Month: August 2005

Markets in everything

Welsh expatriates missing the sweet smell of home can now buy a bottle of air from the hills of Wales – for £24.

Businessman John Gronow will launch walesinabottle.com on Thursday to sell Welsh atmosphere around the world.

Here is the full story, and thanks to Chris Tracey for the pointer.  And while we are on the "Markets in Everything" topic, did you know Sirius Satellite Radio is starting an all-Elvis channel?

Economists who revolutionized macroeconomics

This list is from my lecture Monday night:

David Hume: His essay on money, circa 1752, remains one of the best writings on the topic.  Honorable mention goes to Isaac Gervaise, who in 1734 outlined international mechanisms of adjustment.

Adam Smith: Growth is everything, no?

Thomas Malthus: A much underrated macroeconomist.  He grasped aggregate demand, and price-cost margins, not to mention the importance of demographics.

David Ricardo: Not an original macroeconomist, but he showed you could apply the quantity theory of money to the policy issues of the day.

Henry Thornton: Super-smart, he integrated the best of all previous macroeconomics without making an error.  He didn’t have much influence until Wicksell and the Austrians, however.

Knut Wicksell: He showed it was possible to have an integrated analysis of the real and monetary sectors of the economy.  He also anticipated about 90 percent of modern real business cycle theory.

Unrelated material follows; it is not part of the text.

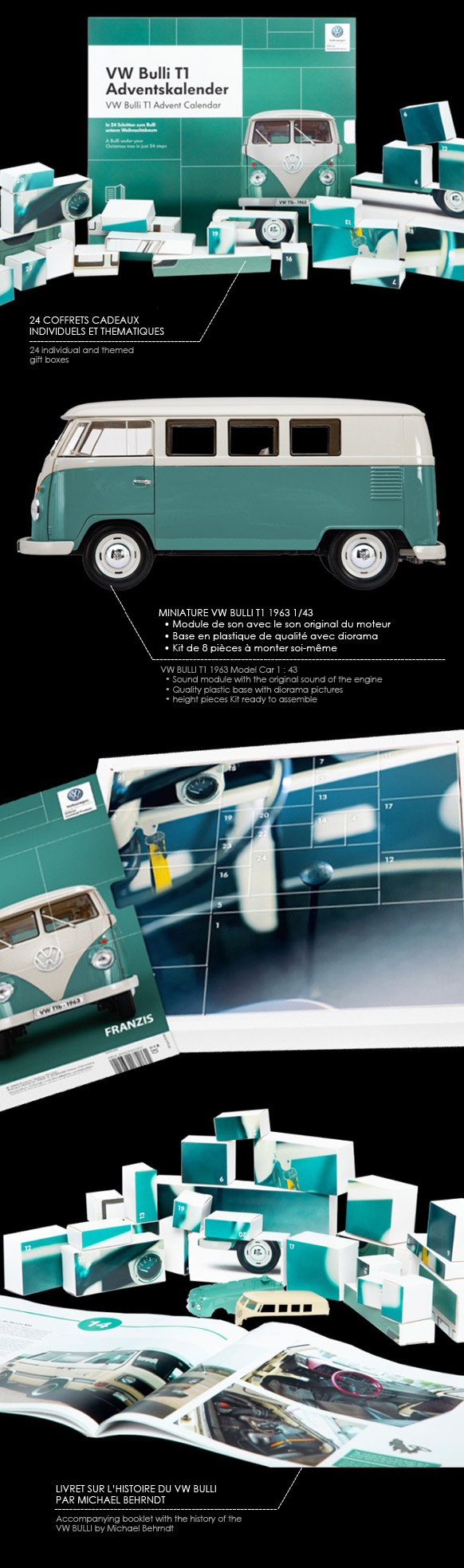 Calendrier de l'Avent - Volkswagen VW Bulli T1 24 coffrets cadeaux individuels et thématiques Miniature VW Bulli T1 1963 - Blanc / turquoise 1/43 - Kit de huit pièces à monter soi-même Base en plastique de qualité avec diorama Module de son avec le son original d'un moteur de VW Bulli T1 Livret d'accompagnement sur l'histoire du VW Bulli T1 par Michael Behrndt Requiert 2 piles 1,5 V (AA) non incluses 59,95 € TTC / Incl. Taxes

John Maynard Keynes: If you want another perspective on him, read his monetarist Tract on Monetary Reform, or Essays in Biography, both masterpieces.

Milton Friedman: Many of his most important ideas were a resurrection of previous wisdom, most of all from Irving Fisher, but his practical influence has been vast. 

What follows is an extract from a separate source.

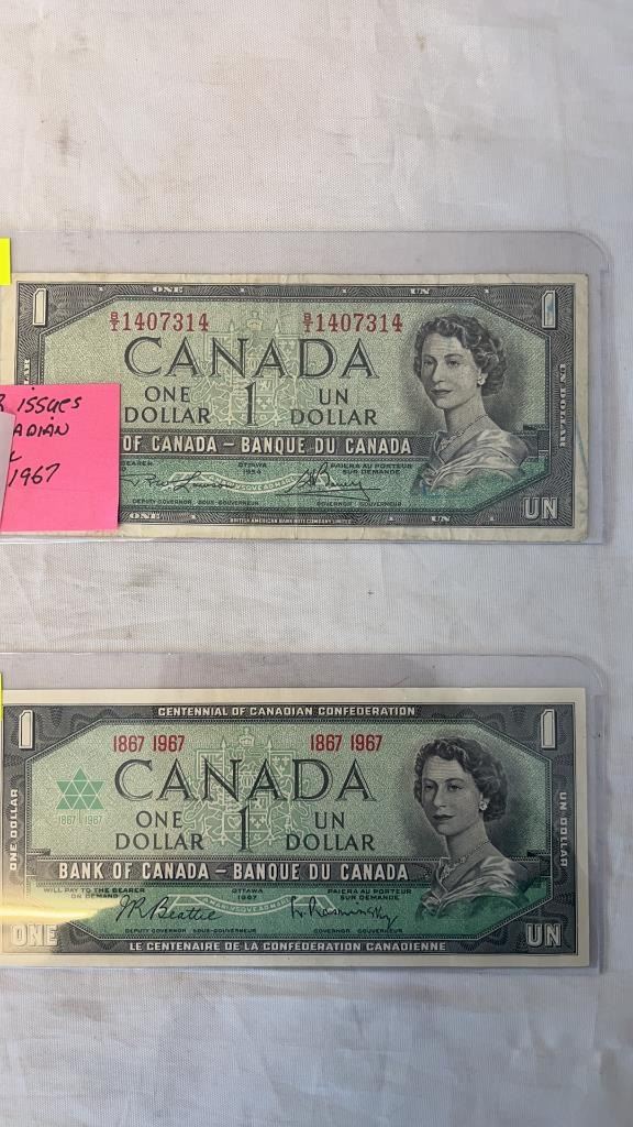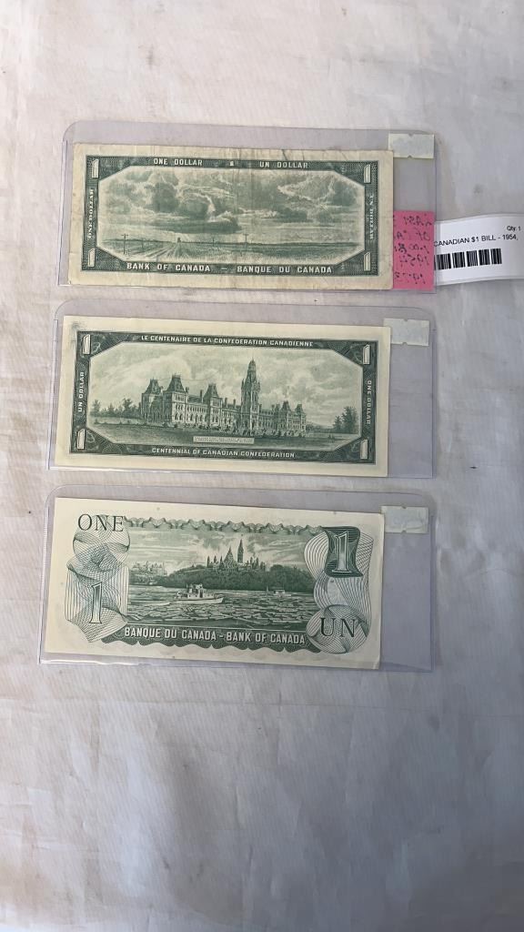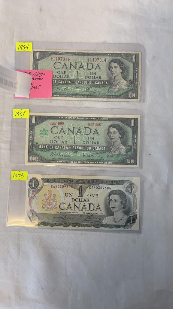 LAST 3 ISSUES OF CANADIAN $1 BILL - 1954, 1967, 1973

The 1979-1990 Theory Boom: We applied every idea in the toolbox — from game theory to adverse selection to imperfect competition — to macroeconomics.  But who gets the credit?

Next on the horizon: ?????  When it comes to high theory, we live in slow times.

Dark horse pick: Friedrich Hayek (or is it Mises?); even Paul Krugman is borrowing his ideas

Addendum: Wesley Clair Mitchell also deserves mention, and read the second comment below for other names.

Variety magazine on the Serenity movie

1. The movie is a "space oddity."

2. It feels like a TV production, even on the big screen.

3. It won’t take off without a big marketing push.

4. The cast has good chemistry and the movie has a strong human
dimension.  Yet by now many of the premises appear less than fresh.

5. The movie’s colors are dark and unappealing and the score is mediocre.

Variety reviews are usually reliable.  Unlike most
newspapers and magazines, they do not offer an aggregated and confusing
"weighted average" assessment of both quality and popularity.  Written
for insiders, the periodical tells you how good the movie is, how
popular it will be, which countries will like it (sometimes), and how
it will do on DVD.

If you are lost, here is background information on Serenity.  If you saw the movie on its brief early release, don’t put any spoilers in the comments.

Corruption in everything: renting your own baby

From Bangalore:

Just as the painful ordeal of childbirth finally ended and Nesam
Velankanni waited for a nurse to lay her squalling newborn on her
chest, the maternity hospital’s ritual of extortion began.

Before she even glimpsed her baby, she said, a nurse whisked the infant
away and an attendant demanded a bribe. If you want to see your child,
families are told, the price is $12 for a boy and $7 for a girl, a lot
of money for slum dwellers scraping by on a dollar a day. The practice
is common here in the city, surveys confirm.

A 1999 survey by the center found that 9 of 10 families whose relatives
gave birth in the hospitals reported paying a bribe, usually to see the
baby. The average amount paid has since dropped to $7 from about $16.
But 8 in 10 women still reported paying bribes in 2003 – to have their
baby delivered, to see the child after birth, to get their newborn
immunized or to obtain medicines that were supposed to be free.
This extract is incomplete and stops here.